3, by sodium silicate extracting solution under ultrasonic or stirring condition with organic acid for adjusting pH to neutral, sucking filtration, washing, freezing
It is dried, obtains silicon dioxide.
In above-mentioned steps 1, the flyash after preferably grinding activation mixes for 1:2~3 in mass ratio with organic acid, room temperature
React 1 hour, the preferred glacial acetic acid of described organic acid.
In above-mentioned steps 2, preferably by sodium hydrate aqueous solution that acid leaching residue and mass fraction are 15% in mass ratio for 1:4
~5 mixing, 100 DEG C react 2 hours.
The present invention has continued conventional traditional acid and alkali combination method and has extracted the thinking of silicon dioxide, but breaches and uses nothing always
Machine strong acid carrys out the thinking of acidleach flyash under the high temperature conditions, uses common and cost is relatively low, the organic acid of safety non-toxic evil comes
Replace inorganic acid and reach same purpose, in conjunction with inorganic base NaOH and combine the conditions such as ultrasonic wave added and extract high-purity
Silica product, started extract silicon dioxide new thought, compared with prior art, the present invention has following excellent
Point:
1, the present invention uses the higher gentle moderate strength organic acid of etch factor very lower security coefficient, and acidleach condition is simple
Gentle need to be carried out at normal temperatures;The concentration of the molten sodium hydroxide used of alkali is relatively low, and only needs 100 DEG C to heat;Obtain
Sodium silicate extracting solution to generate acid solution step molten with acid used by silica gel consistent, the material making input is the fewest, and sodium silicate
Extracting solution is made without carbon and divides except complex processes such as ferrum, it is not required that carries out the causticization after carbon divides and processes, breaches and carried in the past
During taking, carbon grades complex process, it is not necessary to introduce the most more material and equipment, the most simpler easy behaviour of whole process
Make.
2, the silica product purity that the present invention extracts is the highest, and productivity is the highest, and product quality is very light, and granularity is relatively
Very thin for uniform and granule, whole technical process is simple, and temperature-controllable is invested little, low cost, does not discharge any poisonous and hazardous
Material, and discharging of waste liquid amount is little.

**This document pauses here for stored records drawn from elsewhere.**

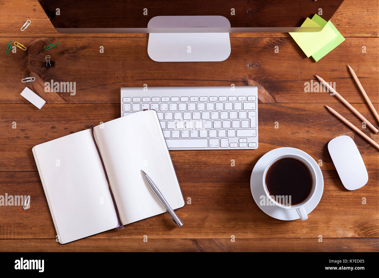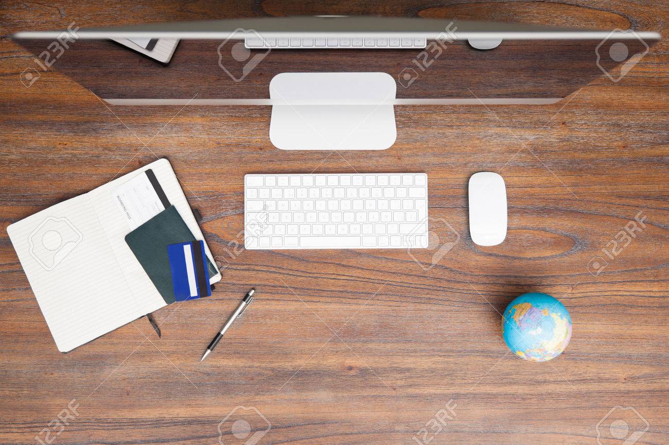 Top View Of A Wooden Desk With A Desktop Computer And A Passport
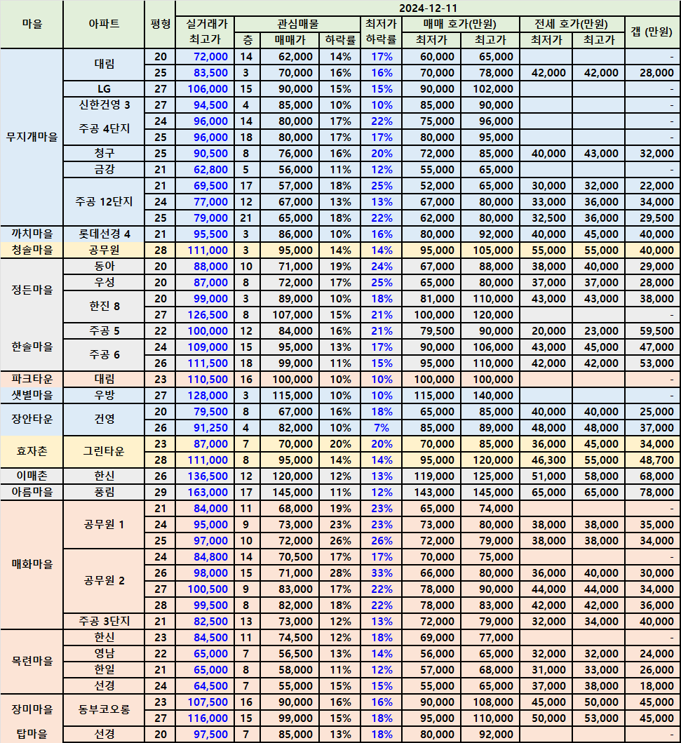 | 정자동 정든마을아파트 급매물 시세 2412 (4) | 2024.12.09 |
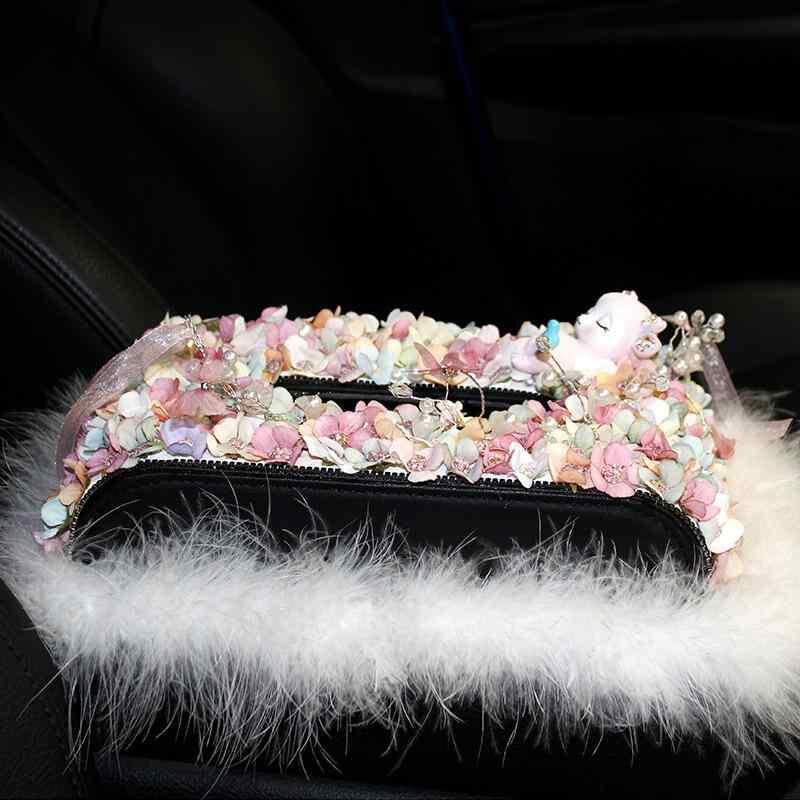 ティッシュケース 車載 車用 鹿モチーフ かわいい おしゃれ フェイクフラワー 樹脂製 レザー 車内 置き型 カーインテリア雑貨
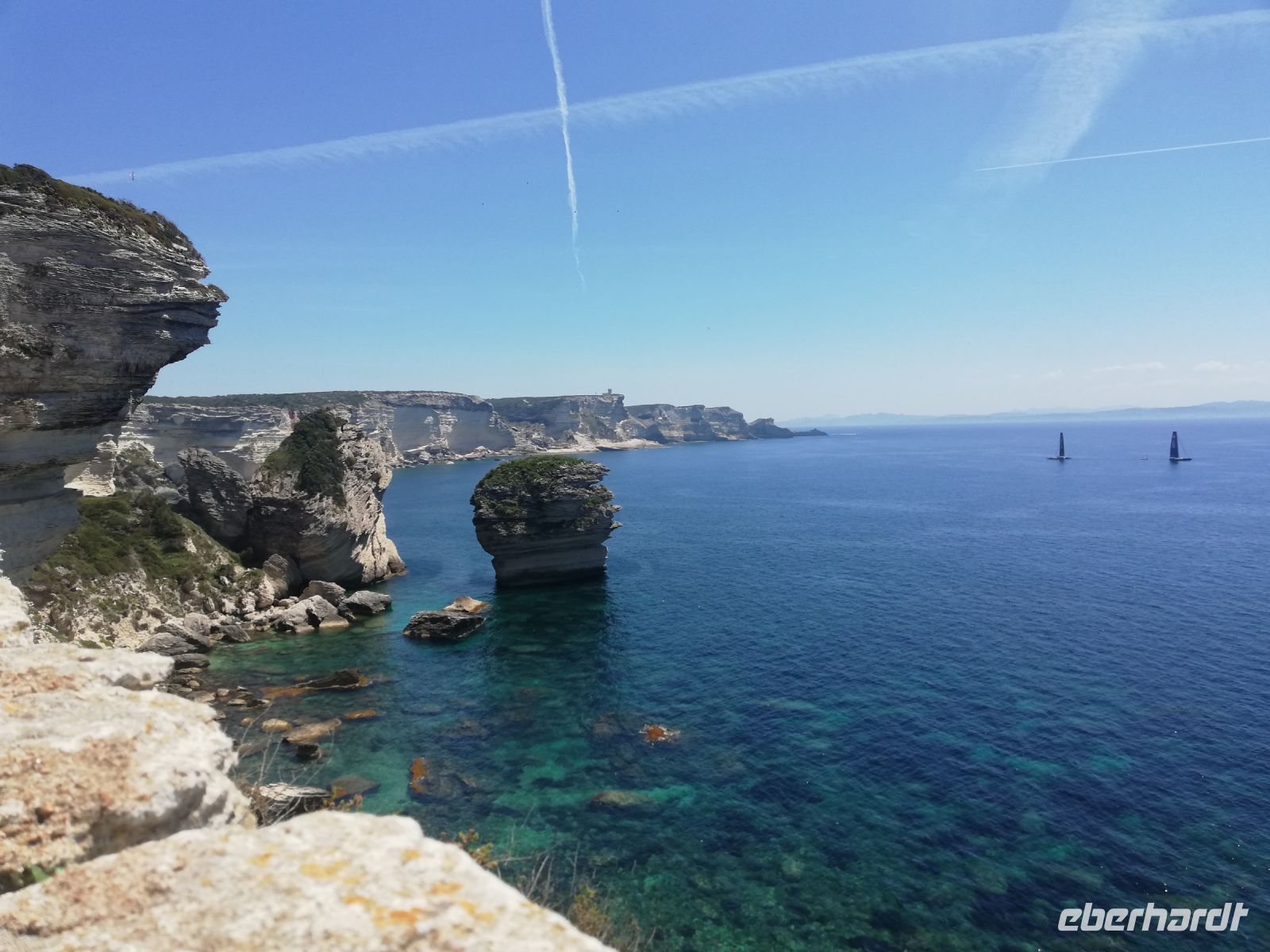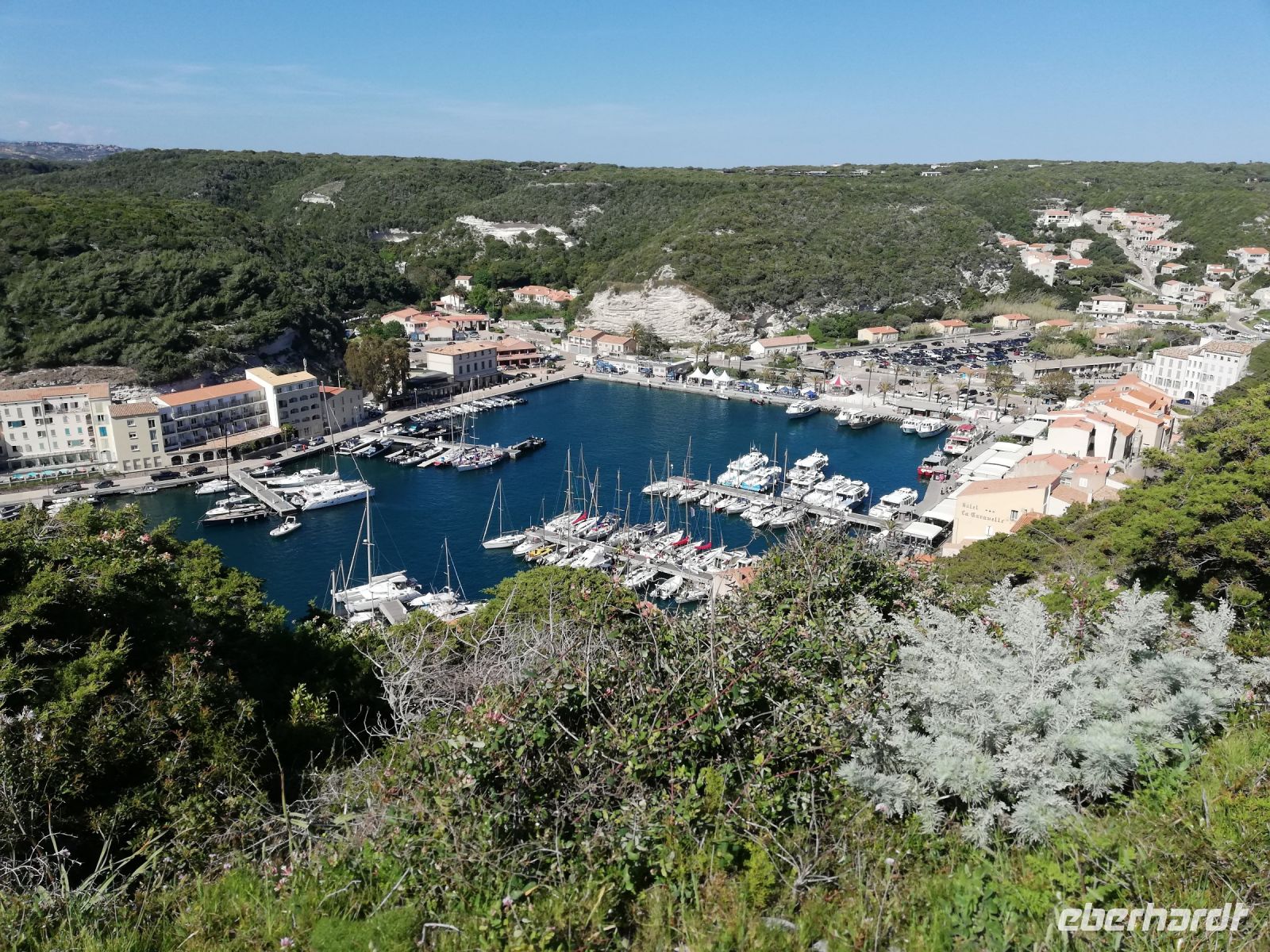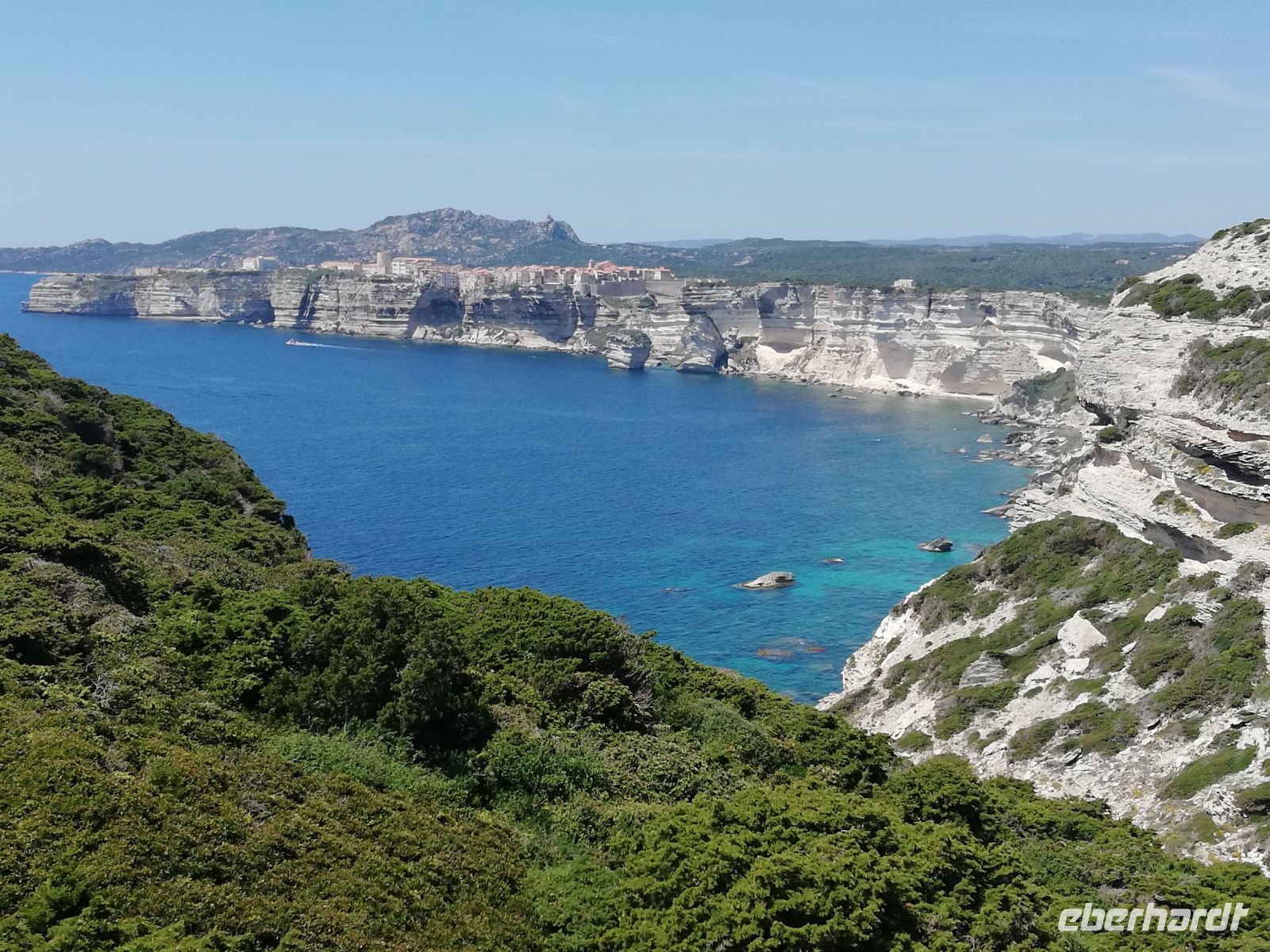 Die Bootstour ist unser erster Programmpunkt des Tages. Wir haben Glück, denn schon um 12:00 Uhr legen wir ab, und erleben die Eindrücke der Stadt vom Meer aus. Die Altstadt von Bonifacio liegt auf einem ca. 80 Meter hohen Kalkfelsen. Wirklich beeindruckend. Mit etwas Verpflegung im Gepäck begeben wir uns auf den eigentlichen Höhepunkt des Tages. Die Panorama-Wanderung entlang der Steilküste zum Leuchtturm.
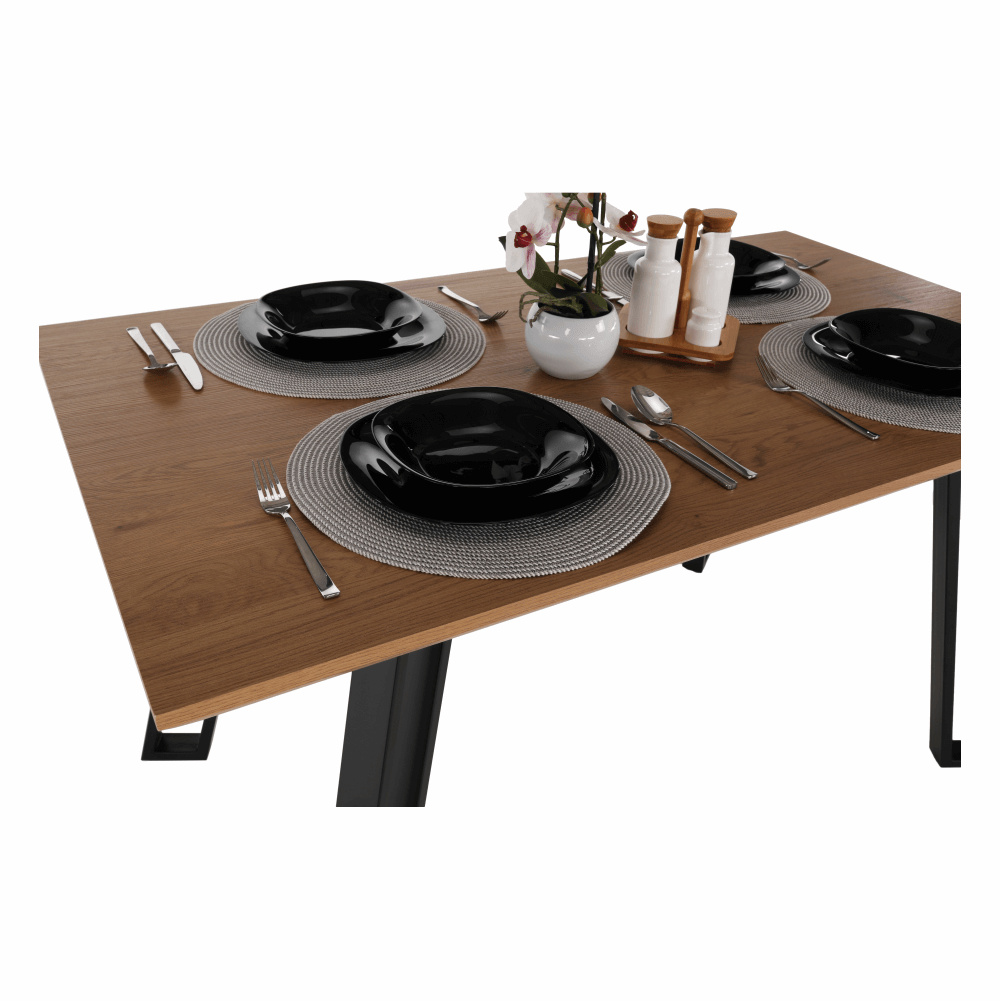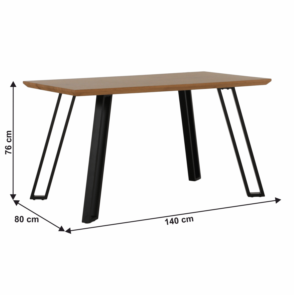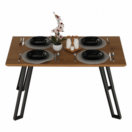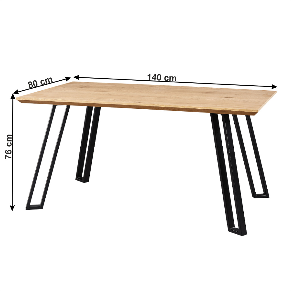 Materiál: MDF / kov Provedení: dub / černá Rozměry (ŠxHxV): 140x83x78 cm Pro 4-6 osob Dodávané v demontu.

3, the present invention adequately achieves the comprehensive resources utilizationization of flyash, greatly reduces silica alumina ratio, it is achieved that silicon
Efficiently separating of aluminum, improves value-added content of product, the adsorption bleaching being applied to dyestuff that gained silicon dioxide can be fabulous, surplus
Remaining high residue of aluminum can also carry out the purification of aluminum further or be applied to other field, as, in terms of the buildings such as pottery, being
The flyash of one great prospect becomes more meticulous comprehensive utilization industrialization method.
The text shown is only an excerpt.